# Biblio

Traffic of Industrial Control System (ICS) between the Human Machine Interface (HMI) and the Programmable Logic Controller (PLC) is known to be highly periodic. However, it is sometimes multiplexed, due to asynchronous scheduling. Modeling the network traffic patterns of multiplexed ICS streams using Deterministic Finite Automata (DFA) for anomaly detection typically produces a very large DFA and a high false-alarm rate. In this article, we introduce a new modeling approach that addresses this gap. Our Statechart DFA modeling includes multiple DFAs, one per cyclic pattern, together with a DFA-selector that de-multiplexes the incoming traffic into sub-channels and sends them to their respective DFAs. We demonstrate how to automatically construct the statechart from a captured traffic stream.
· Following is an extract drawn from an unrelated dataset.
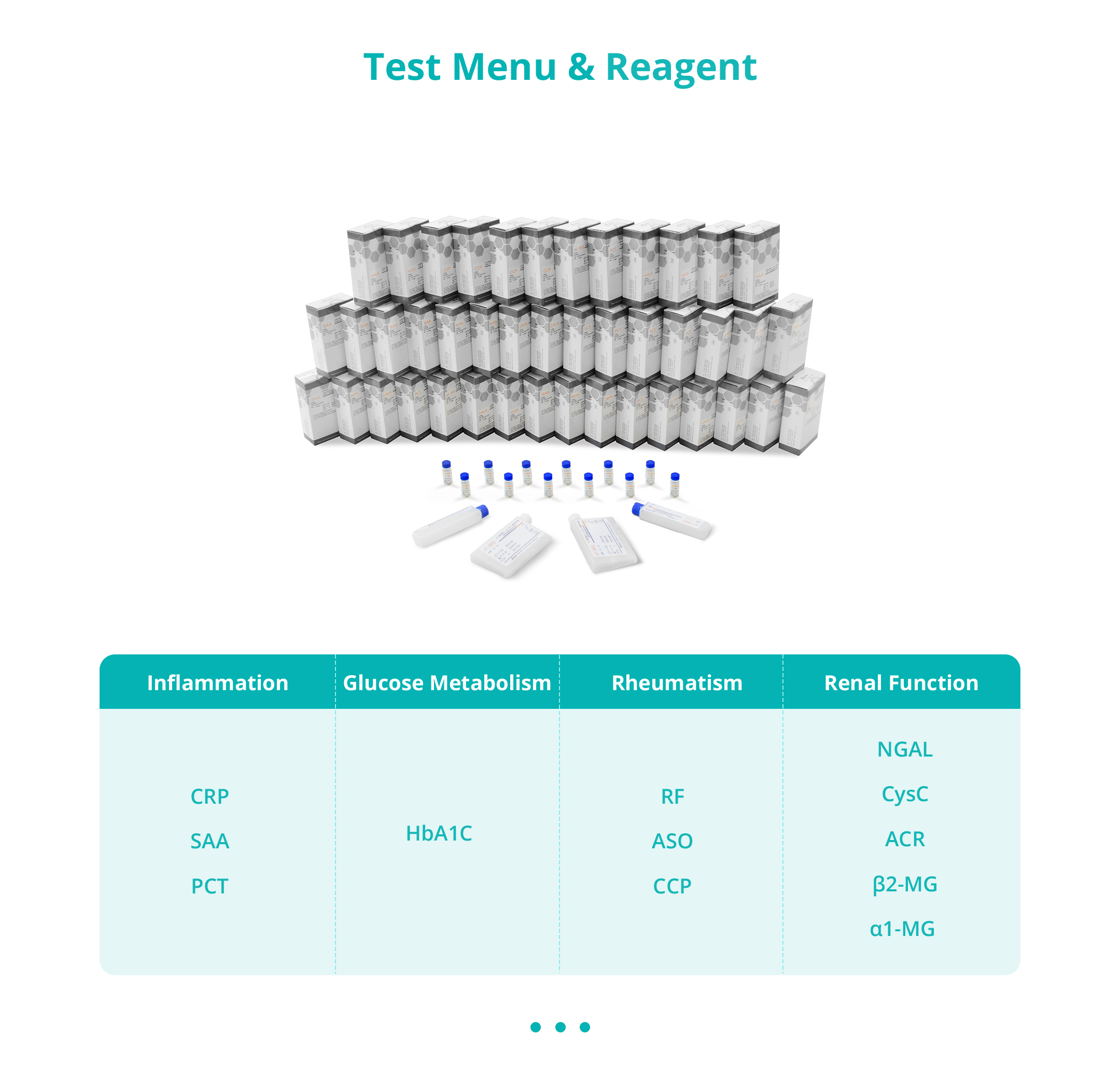 HbA1c, CRP, SAA, PCT, RF, ASO, CCP, NGAL, CysC, ACR, β2-MG, α1-MG

Our unsupervised learning algorithms first build a Discrete-Time Markov Chain (DTMC) from the stream. Next, we split the symbols into sets, one per multiplexed cycle, based on symbol frequencies and node degrees in the DTMC graph. Then, we create a sub-graph for each cycle and extract Euler cycles for each sub-graph. The final statechart is comprised of one DFA per Euler cycle. The algorithms allow for non-unique symbols, which appear in more than one cycle, and also for symbols that appear more than once in a cycle. We evaluated our solution on traces from a production ICS using the Siemens S7-0x72 protocol. We also stress-tested our algorithms on a collection of synthetically-generated traces that simulated multiplexed ICS traces with varying levels of symbol uniqueness and time overlap. The algorithms were able to split the symbols into sets with 99.6% accuracy. The resulting statechart modeled the traces with a median false-alarm rate of as low as 0.483%. In all but the most extreme scenarios, the Statechart model drastically reduced both the false-alarm rate and the learned model size in comparison with the naive single-DFA model.
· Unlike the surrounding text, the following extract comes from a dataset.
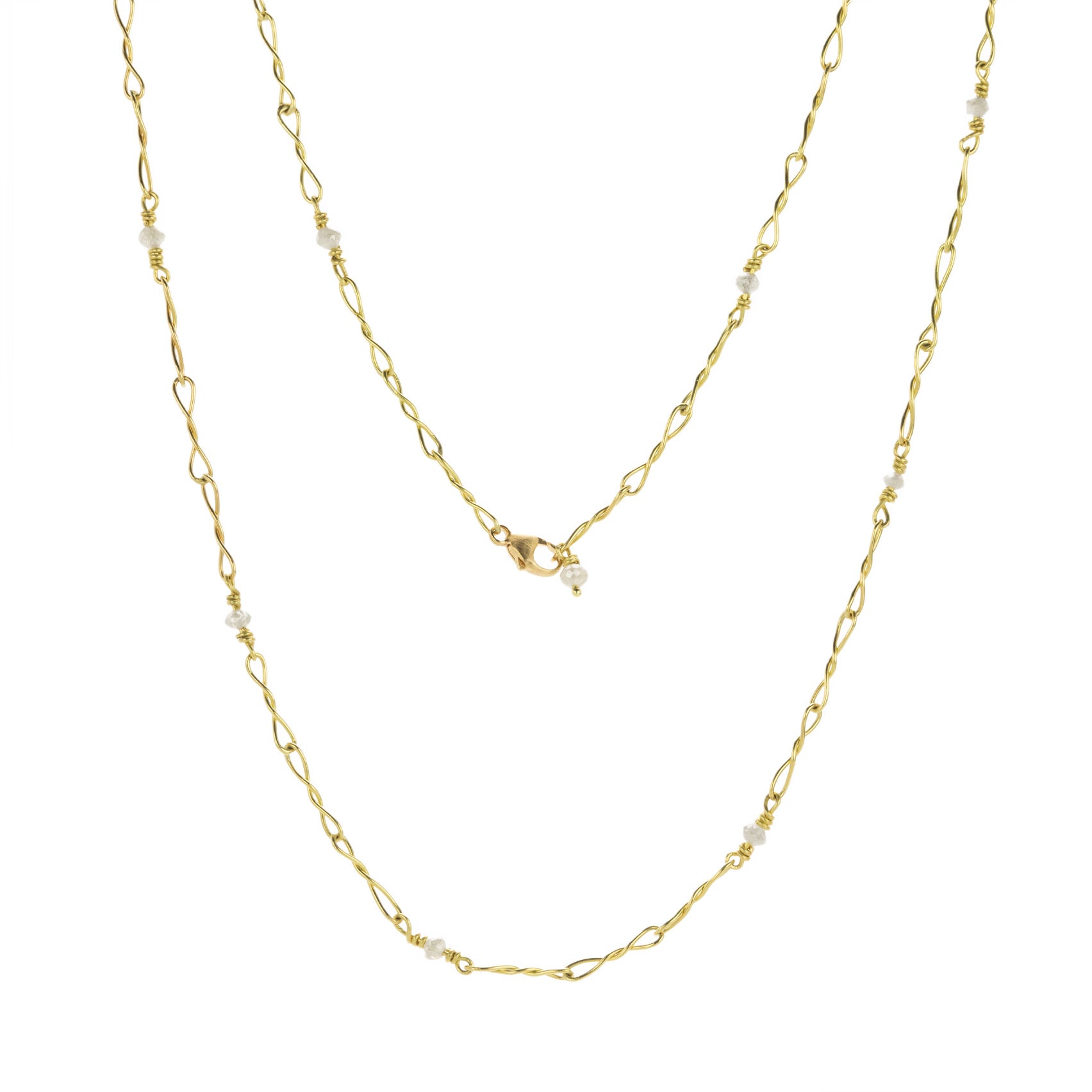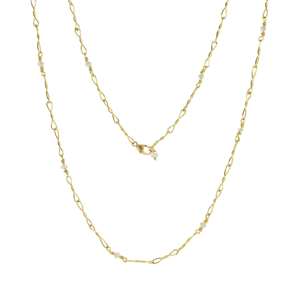 Layer on the links in this 18k yellow gold twisted link chain necklace from Lene Vibe. Faceted gray diamond beads twinkle and shine along the hand formed links. Total length with lobster clasp measures 18". Handcrafted in Denmark.

Traffic of Industrial Control System (ICS) between the Human Machine Interface (HMI) and the Programmable Logic Controller (PLC) is highly periodic. However, it is sometimes multiplexed, due to multi-threaded scheduling. In previous work we introduced a Statechart model which includes multiple Deterministic Finite Automata (DFA), one per cyclic pattern. We demonstrated that Statechart-based anomaly detection is highly effective on multiplexed cyclic traffic when the individual cyclic patterns are known. The challenge is to construct the Statechart, by unsupervised learning, from a captured trace of the multiplexed traffic, especially when the same symbols (ICS messages) can appear in multiple cycles, or multiple times in a cycle. Previously we suggested a combinatorial approach for the Statechart construction, based on Euler cycles in the Discrete Time Markov Chain (DTMC) graph of the trace. This combinatorial approach worked well in simple scenarios, but produced a false-alarm rate that was excessive on more complex multiplexed traffic. In this paper we suggest a new Statechart construction method, based on spectral analysis. We use the Fourier transform to identify the dominant periods in the trace. Our algorithm then associates a set of symbols with each dominant period, identifies the order of the symbols within each period, and creates the cyclic DFAs and the Statechart. We evaluated our solution on long traces from two production ICS: one using the Siemens S7-0x72 protocol and the other using Modbus. We also stress-tested our algorithms on a collection of synthetically-generated traces that simulate multiplexed ICS traces with varying levels of symbol uniqueness and time overlap. The resulting Statecharts model the traces with an overall median false-alarm rate as low as 0.16% on the synthetic datasets, and with zero false-alarms on production S7-0x72 traffic. Moreover, the spectral analysis Statecharts consistently out-performed the previous combinatorial Statecharts, exhibiting significantly lower false alarm rates and more compact model sizes.

In Industrial Control Systems (ICS/SCADA), machine to machine data traffic is highly periodic. Past work showed that in many cases, it is possible to model the traffic between each individual Programmable Logic Controller (PLC) and the SCADA server by a cyclic Deterministic Finite Automaton (DFA), and to use the model to detect anomalies in the traffic. However, a recent analysis of network traffic in a water facility in the U.S, showed that cyclic-DFA models have limitations. In our research, we examine the same data corpus; our study shows that the communication on all of the channels in the network is done in bursts of packets, and that the bursts have semantic meaning---the order within a burst depends on the messages. Using these observations, we suggest a new burst-DFA model that fits the data much better than previous work. Our model treats the traffic on each channel as a series of bursts, and matches each burst to the DFA, taking the burst's beginning and end into account. Our burst-DFA model successfully explains between 95% and 99% of the packets in the data-corpus, and goes a long way toward the construction of a practical anomaly detection system.